Extracting the First and Last Lines

It is sometimes useful to extract just a few lines from a text file—most commonly, lines near the beginning or the end. For example, the chapter titles for the XML files for this book are all visible in the first half-dozen lines of each file, and a peek at the end of job-log files provides a summary of recent activity.
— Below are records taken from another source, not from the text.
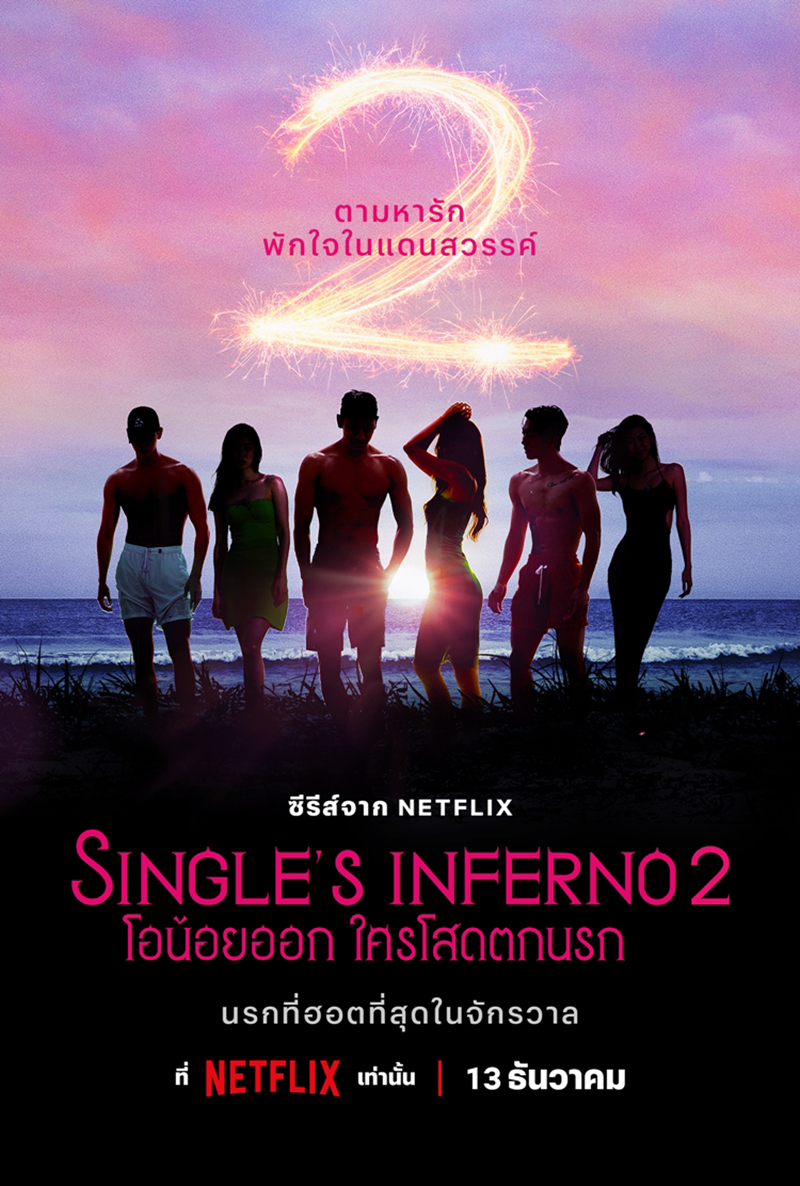 รายการจับคู่ออกเดตเรียลลิตี้สุดฮิต “Single’s Inferno: โอน้อยออก ใครโสดตกนรก” ซึ่งครองใจผู้ชมมาแล้วทั่วโลก กำลังจะกลับมาในซีซั่นที่ 2 วันที่ 13 ธันวาคมนี้ หลังจากซีซั่น 1 ได้เสียงตอบรับล้นหลามชนิดดังระเบิดไปทั่วโลกนับตั้งแต่เปิดตัว จนติดอันดับใน Netflix Top 10 (หมวดรายการทีวีภาษาต่างประเทศ) ทั่วโลก นานถึง 3 สัปดาห์ติดต่อกัน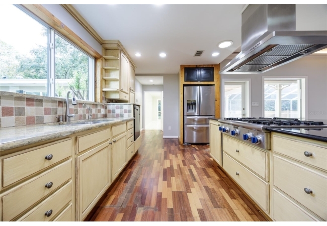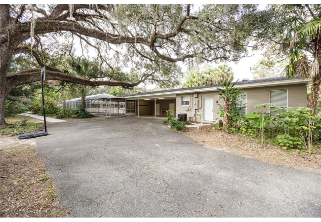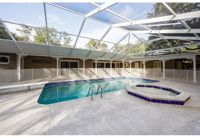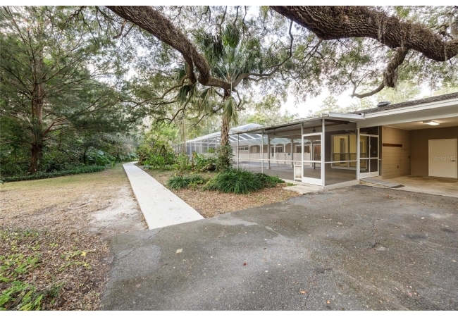 Lifetime Home Located in Beautiful 2 Acre Park-like Setting with Attached Fully Equipped Apartment! The main home offers 4,327 sq ft 4 full bedrooms and 3.5 bathrooms with additional hidden study off owner's suite and additional bonus/play room adjacent to the pool half bath and kitchen all on one level and fully open to the enormous screened in pool & spa area. The spacious kitchen with wood cabinetry and granite countertops features a Thermador gas range & wine fridge and is open to the massive family room with double sided gas fireplace. This custom designed all block home built by M.M. Parrish Construction for E.T. York features an impressive circular drive entry with long side driveway and rear entry 3 car covered carport. One bedroom 750 sq ft apartment offers full kitchen, living area, updated bathroom with shower, and bedroom. Concrete sidewalk wraps around the entire oak-laden property along with chain link fencing allowing separate space for pets. Kenwood is located in desirable SW Gainesville and is a convenient location to schools, shopping, & bus routes to UF and hospitals. Per Alachua County records: Roof 2017, whole house repipe 2017, 2018 tankless gas water heater, 2020 HVAC, septic tanks replaced/new drainfield in 2023.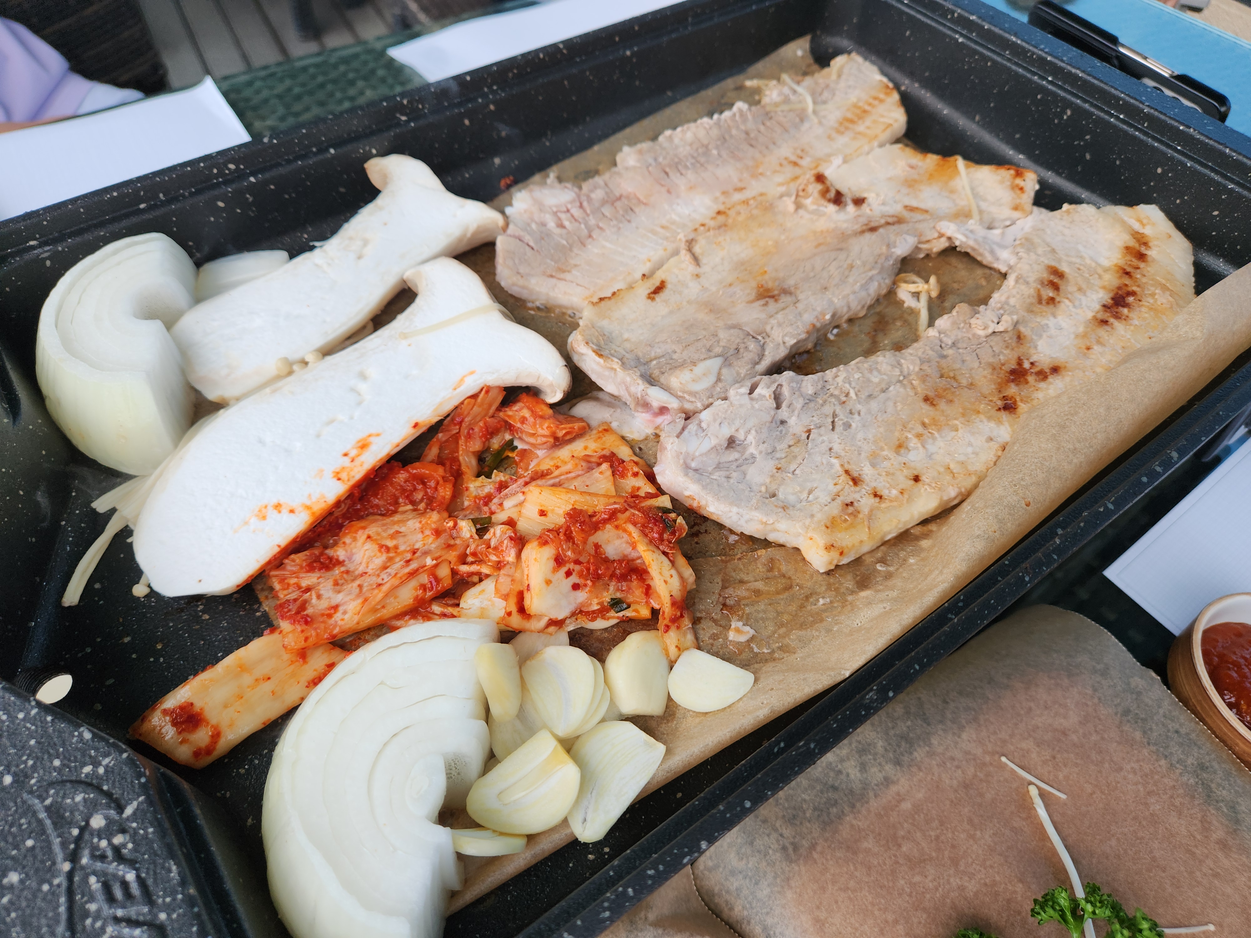 야채랑 김치도 구워야지..

Both of these operations are easy. You can display the first n records of standard input or each of a list of command-line files with any of these:

head -n n      [ file(s) ]

head -n        [ file(s) ]

awk 'FNR <= n' [ file(s) ]

sed -e nq      [ file(s) ]

sed nq         [ file(s) ]

POSIX requires a head option of -n 3 instead of -3, but every implementation that we tested accepts both.

When there is only a single edit command, sed allows the -e option to be omitted.

It is not an error if there are fewer than n lines to display.

The last n lines can be displayed like this:

tail -n n      [ file ]

tail -n        [ file ]

As with head, POSIX specifies only the first form, but both are accepted on all of our systems.

Curiously, although head handles multiple files on the command line, traditional and POSIX tail do not. That nuisance is fixed in all modern versions of tail.

In an interactive shell session, it is sometimes desirable to monitor output to a file, such as a log file, while it is still being written. The -f option asks tail to show the specified number of lines at the end of the file, and then to go into an endless loop, sleeping for a second before waking up and checking for more output to display. With -f, tail terminates only when you interrupt it, usually by typing Ctrl-C:

$ tail -n 25 -f /var/log/messages        
            Watch the growth of the system message log
...
^C                                       Ctrl-C stops tail

Since tail does not terminate on its own with the -f option, that option is unlikely to be of use in shell scripts.

There are no short and simple alternatives to tail with awk or sed, because the job requires maintaining a history of recent records.

Although we do not illustrate them in detail here, there are a few other commands that we use in small examples throughout the book, and that are worth adding to your toolbox:

  • dd copies data in blocks of user-specified size and number. It also has some limited ability to convert between uppercase and lowercase, and between ASCII and EBCDIC. For character-set conversions, however, the modern, and POSIX-standard, iconv command for converting files from one code set to another has much more flexibility.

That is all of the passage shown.